### Requirement
When you reach the line containing "Ancak 2021 yılında", stop after it; until then, copy each line of the listing exactly, starting with the first.

Records provided START

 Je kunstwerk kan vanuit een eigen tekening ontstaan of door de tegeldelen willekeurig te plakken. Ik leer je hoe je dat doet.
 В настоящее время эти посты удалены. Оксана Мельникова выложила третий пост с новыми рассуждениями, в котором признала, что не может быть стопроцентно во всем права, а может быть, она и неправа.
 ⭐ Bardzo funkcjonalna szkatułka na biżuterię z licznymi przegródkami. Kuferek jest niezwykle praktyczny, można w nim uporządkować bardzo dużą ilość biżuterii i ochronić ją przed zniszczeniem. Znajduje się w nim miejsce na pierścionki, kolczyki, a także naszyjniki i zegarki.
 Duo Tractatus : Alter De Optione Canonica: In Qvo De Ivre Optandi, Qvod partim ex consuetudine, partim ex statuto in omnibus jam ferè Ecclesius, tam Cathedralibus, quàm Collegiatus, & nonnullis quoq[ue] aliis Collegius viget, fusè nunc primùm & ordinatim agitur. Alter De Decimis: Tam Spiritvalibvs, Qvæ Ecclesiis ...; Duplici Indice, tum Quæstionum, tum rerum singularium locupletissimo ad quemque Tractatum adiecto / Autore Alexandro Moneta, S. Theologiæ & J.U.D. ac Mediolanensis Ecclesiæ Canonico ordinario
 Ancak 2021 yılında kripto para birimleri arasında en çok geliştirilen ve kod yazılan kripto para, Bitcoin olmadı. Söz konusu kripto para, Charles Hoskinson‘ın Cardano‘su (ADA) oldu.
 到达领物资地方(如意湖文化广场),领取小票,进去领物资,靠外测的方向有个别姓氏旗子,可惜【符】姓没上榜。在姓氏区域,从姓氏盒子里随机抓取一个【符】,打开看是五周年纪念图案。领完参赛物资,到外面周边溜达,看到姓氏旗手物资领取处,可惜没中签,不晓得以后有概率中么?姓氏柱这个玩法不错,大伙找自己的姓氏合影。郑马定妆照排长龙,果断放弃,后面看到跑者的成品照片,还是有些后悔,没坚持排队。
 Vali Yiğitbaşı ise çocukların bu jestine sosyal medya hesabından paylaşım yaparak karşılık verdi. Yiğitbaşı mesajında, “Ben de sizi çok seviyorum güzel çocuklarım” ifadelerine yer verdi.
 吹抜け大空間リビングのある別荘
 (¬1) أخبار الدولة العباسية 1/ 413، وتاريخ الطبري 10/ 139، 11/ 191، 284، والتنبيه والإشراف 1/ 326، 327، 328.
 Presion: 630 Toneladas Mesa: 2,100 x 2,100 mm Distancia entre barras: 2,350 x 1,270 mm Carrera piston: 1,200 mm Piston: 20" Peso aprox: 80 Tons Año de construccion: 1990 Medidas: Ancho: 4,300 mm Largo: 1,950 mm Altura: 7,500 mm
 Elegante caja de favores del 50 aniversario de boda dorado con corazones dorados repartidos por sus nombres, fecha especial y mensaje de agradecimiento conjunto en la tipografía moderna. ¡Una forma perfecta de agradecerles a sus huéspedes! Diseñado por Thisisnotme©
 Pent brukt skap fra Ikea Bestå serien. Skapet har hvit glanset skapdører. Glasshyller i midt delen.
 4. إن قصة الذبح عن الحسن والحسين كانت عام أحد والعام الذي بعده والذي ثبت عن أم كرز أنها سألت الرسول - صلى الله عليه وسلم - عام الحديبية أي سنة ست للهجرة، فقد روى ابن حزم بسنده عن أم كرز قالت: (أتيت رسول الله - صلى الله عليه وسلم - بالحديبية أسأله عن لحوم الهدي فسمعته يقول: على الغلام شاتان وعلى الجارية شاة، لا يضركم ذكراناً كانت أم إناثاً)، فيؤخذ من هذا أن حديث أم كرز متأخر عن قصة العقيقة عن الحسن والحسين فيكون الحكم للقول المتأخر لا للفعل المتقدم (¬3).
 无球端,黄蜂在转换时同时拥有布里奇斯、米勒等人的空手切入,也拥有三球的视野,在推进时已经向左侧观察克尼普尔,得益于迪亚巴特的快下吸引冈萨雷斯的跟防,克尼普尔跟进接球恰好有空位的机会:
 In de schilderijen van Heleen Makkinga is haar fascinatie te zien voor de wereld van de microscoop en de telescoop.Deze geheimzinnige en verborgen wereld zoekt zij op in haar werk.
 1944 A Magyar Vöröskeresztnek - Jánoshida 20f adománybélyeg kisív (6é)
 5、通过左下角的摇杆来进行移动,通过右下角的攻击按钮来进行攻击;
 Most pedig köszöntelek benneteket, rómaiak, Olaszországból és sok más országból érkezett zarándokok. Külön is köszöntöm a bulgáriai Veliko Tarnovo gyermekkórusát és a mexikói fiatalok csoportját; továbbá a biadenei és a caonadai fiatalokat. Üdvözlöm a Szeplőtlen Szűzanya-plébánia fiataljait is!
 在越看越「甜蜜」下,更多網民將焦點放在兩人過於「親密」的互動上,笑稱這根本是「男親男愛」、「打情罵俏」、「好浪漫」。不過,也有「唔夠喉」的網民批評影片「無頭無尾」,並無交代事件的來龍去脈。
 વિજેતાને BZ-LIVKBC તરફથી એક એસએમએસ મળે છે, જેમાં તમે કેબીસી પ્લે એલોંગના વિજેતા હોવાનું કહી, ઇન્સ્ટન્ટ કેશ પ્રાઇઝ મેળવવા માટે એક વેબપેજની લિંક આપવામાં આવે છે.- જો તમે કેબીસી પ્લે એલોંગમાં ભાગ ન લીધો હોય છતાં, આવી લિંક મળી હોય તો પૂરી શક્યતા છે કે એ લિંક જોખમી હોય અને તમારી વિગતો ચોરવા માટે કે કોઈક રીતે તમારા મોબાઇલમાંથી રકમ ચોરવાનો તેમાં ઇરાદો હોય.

Records provided END

### Task solution
 Je kunstwerk kan vanuit een eigen tekening ontstaan of door de tegeldelen willekeurig te plakken. Ik leer je hoe je dat doet.
 В настоящее время эти посты удалены. Оксана Мельникова выложила третий пост с новыми рассуждениями, в котором признала, что не может быть стопроцентно во всем права, а может быть, она и неправа.
 ⭐ Bardzo funkcjonalna szkatułka na biżuterię z licznymi przegródkami. Kuferek jest niezwykle praktyczny, można w nim uporządkować bardzo dużą ilość biżuterii i ochronić ją przed zniszczeniem. Znajduje się w nim miejsce na pierścionki, kolczyki, a także naszyjniki i zegarki.
 Duo Tractatus : Alter De Optione Canonica: In Qvo De Ivre Optandi, Qvod partim ex consuetudine, partim ex statuto in omnibus jam ferè Ecclesius, tam Cathedralibus, quàm Collegiatus, & nonnullis quoq[ue] aliis Collegius viget, fusè nunc primùm & ordinatim agitur. Alter De Decimis: Tam Spiritvalibvs, Qvæ Ecclesiis ...; Duplici Indice, tum Quæstionum, tum rerum singularium locupletissimo ad quemque Tractatum adiecto / Autore Alexandro Moneta, S. Theologiæ & J.U.D. ac Mediolanensis Ecclesiæ Canonico ordinario
 Ancak 2021 yılında kripto para birimleri arasında en çok geliştirilen ve kod yazılan kripto para, Bitcoin olmadı. Söz konusu kripto para, Charles Hoskinson‘ın Cardano‘su (ADA) oldu.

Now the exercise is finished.